Una
donna sconosciuta, che ci dà le spalle, dice al cellulare: «Ciao… bene. E te?». Quel te
è una stilettata al cuore che, se mai la donna si girasse, le farebbe perdere
all’istante mille punti, foss’anche Miss Universo. Se una casca sul tu, figurarsi sui congiuntivi. Ti puoi
aspettare le peggiori azioni da lei. Come da chi «riesce a dire con venti parole ciò che può essere detto in dieci»:
lo sosteneva Giosue Carducci, un Nobel della Letteratura.
Giusto per citare pure un
contemporaneo, viene in mente l’invettiva di Nanni Moretti nel film Palombella rossa: «Chi parla male,
pensa male e vive male. Bisogna trovare le parole giuste: le parole sono
importanti!».
Poi, accanto alla donna, affisso al
muro, vediamo un manifesto firmato da un fantomatico Movimento Studentesco
Nazionale. Che mostra una bomba sul punto di esplodere e la scritta «Accendi la tua voglia di rivolta. Ora».
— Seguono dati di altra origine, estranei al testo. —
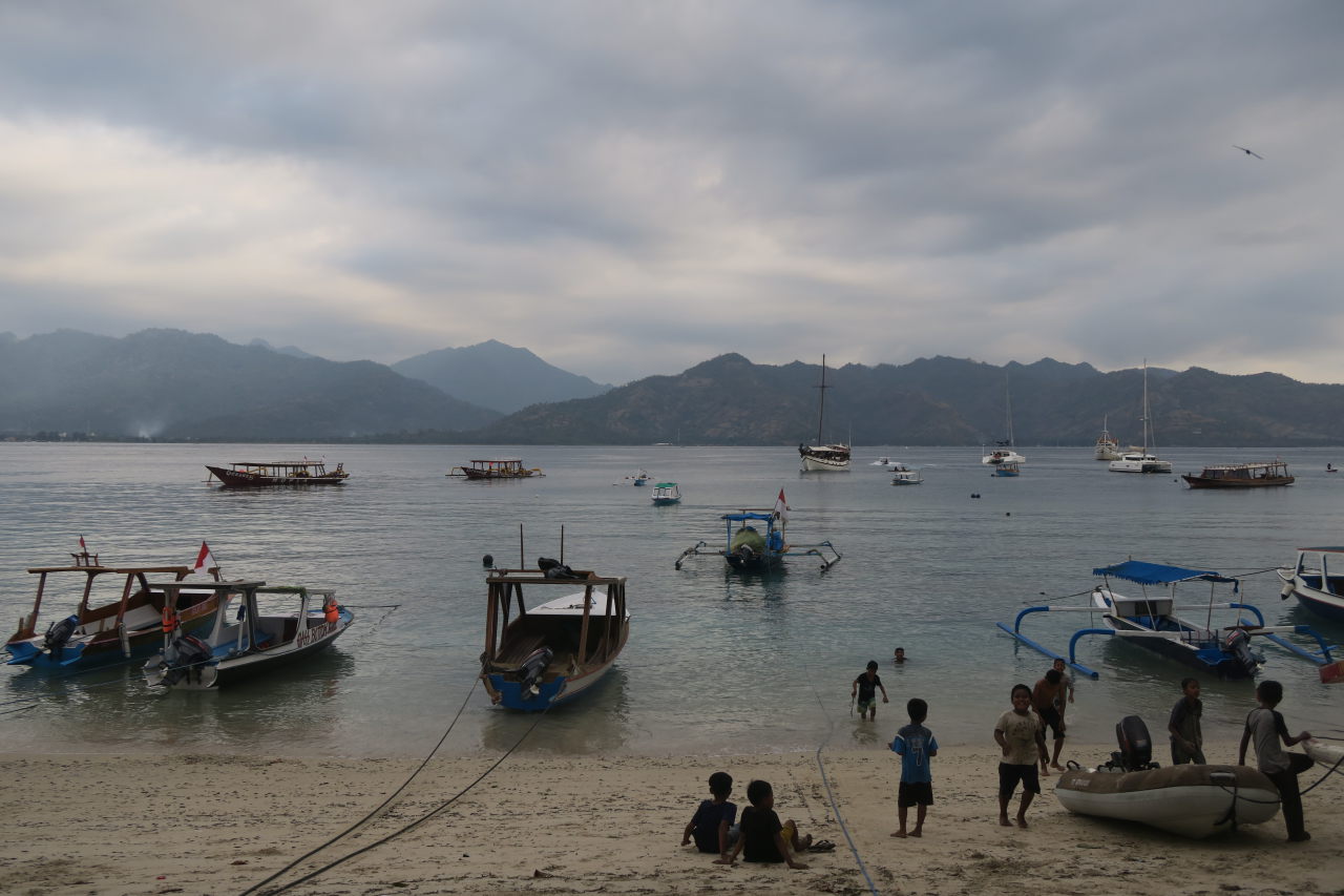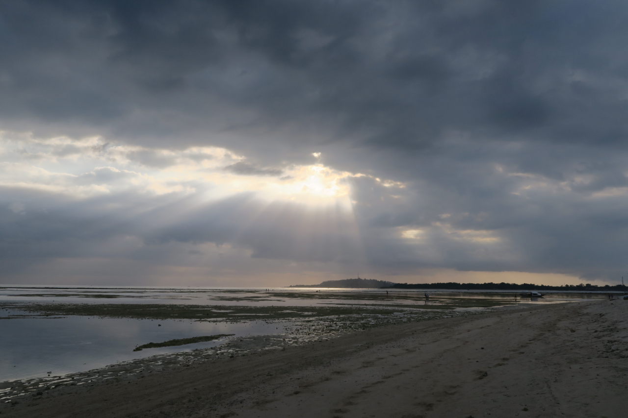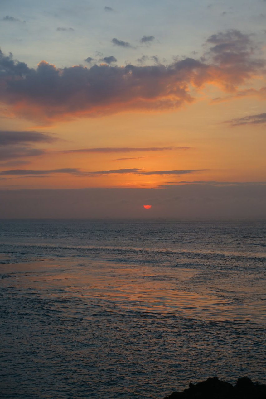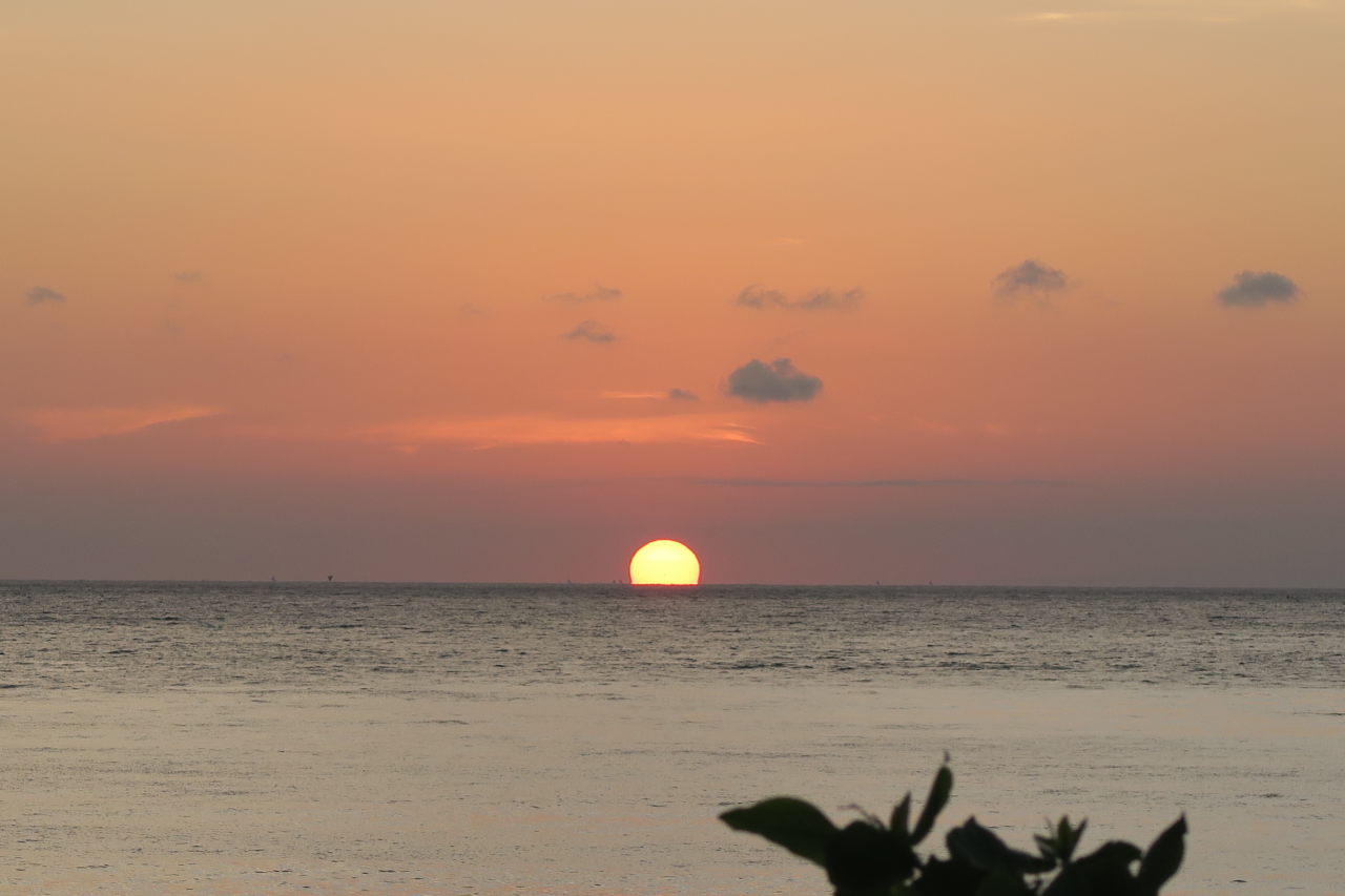 Le soleil, désormais entièrement levé, avec le Mont Rinjiani au loin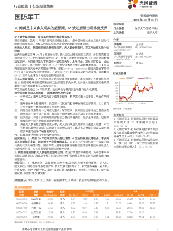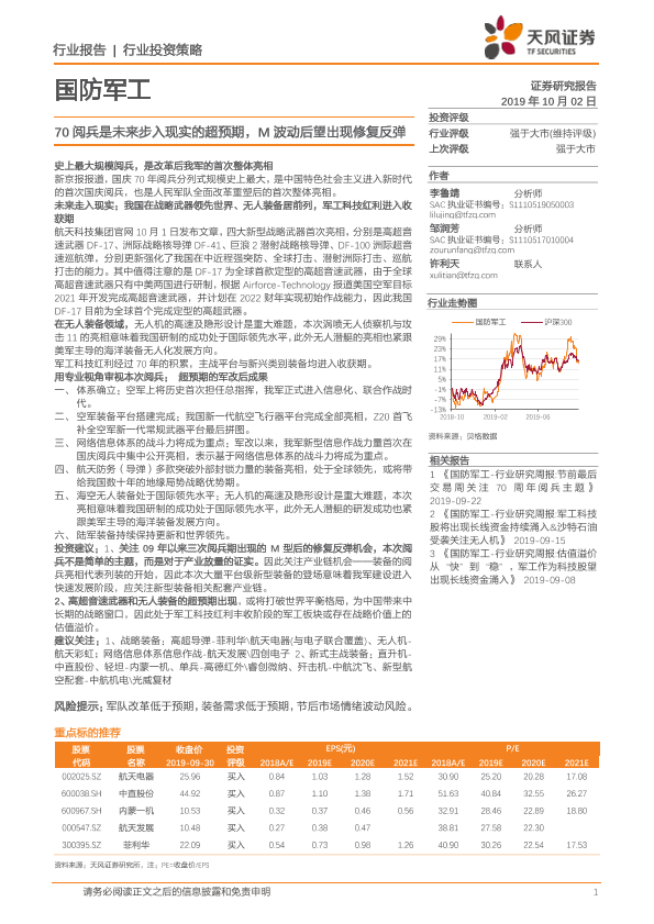 【天风证券】【20191002】国防军工:70阅兵是未来步入现实的超预期,M波动后望出现修复反弹-9页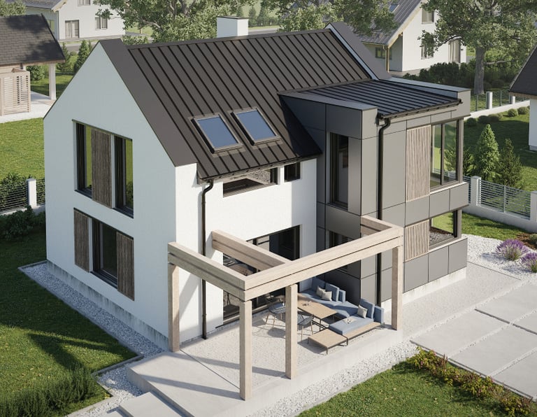 TERRANO stogų ir fasadų plokštės – tai pažangi technologija ir estetiška plokščių konstrukcija su elegantiška apdaila, kuri puikiai tiks tiek klasikinei, tiek moderniai architektūrai. Iš naujo atrastas stogų ir fasadų plokščių potencialas.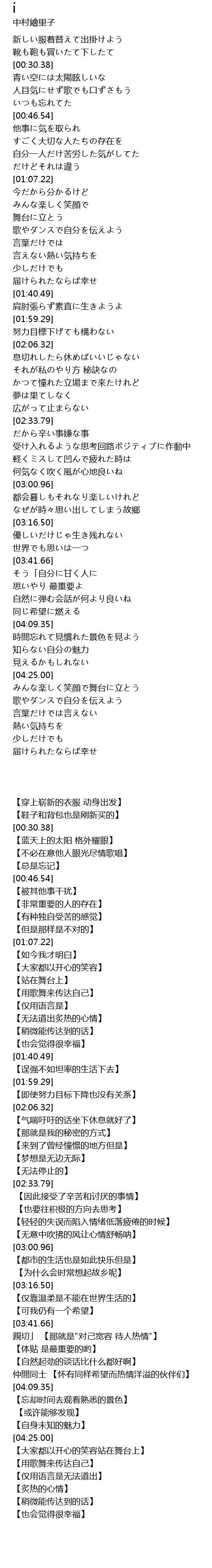 | [04:37.86] | みんな楽しく笑顔で舞台に立とう |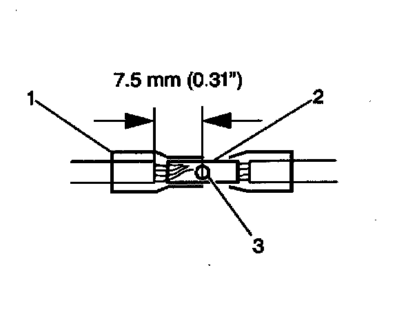 6. Place the splice sleeve in the nest. Ensure that the crimp falls midway between the end of the barrel and the stop. The sleeve has a stop (3) in the middle of the barrel (2) in order to prevent the wire (1) from going further. Close the hand crimper handles slightly in order to firmly hold the splice sleeve in the proper nest.

Entriamo in crisi e ci domandiamo che senso abbia prendersela con gli errori
grammaticali, con gli accenti sbagliati, con l’eccesso di parole, con l’abuso
di parole straniere e quant’altro, quando ne circolano altre – ben più gravi –
che incitano alla violenza. Da cui nessuno prende le distanze. E che nessuno
sanziona.
Persino per l’acqua, che è un bene
vitale, si fa pagare un prezzo. Se si facesse altrettanto con chi usa parole
cariche di odio, si otterrebbe quanto meno il risultato di far pensare a ciò
che si dice.
Un prezzo, però, non in denaro, per non dare un
ulteriore privilegio ai ricchi. E allora, cos’altro? Si potrebbe esigere di
perdonare qualcuno. Per dare il
buon esempio, noi incominciamo a farlo con la donna al cellulare. Anche per
rendere omaggio ai suoi capelli: la bellezza che si svela, seppure limitata a
un dettaglio, ha il potere di stendere un velo pietoso su un te.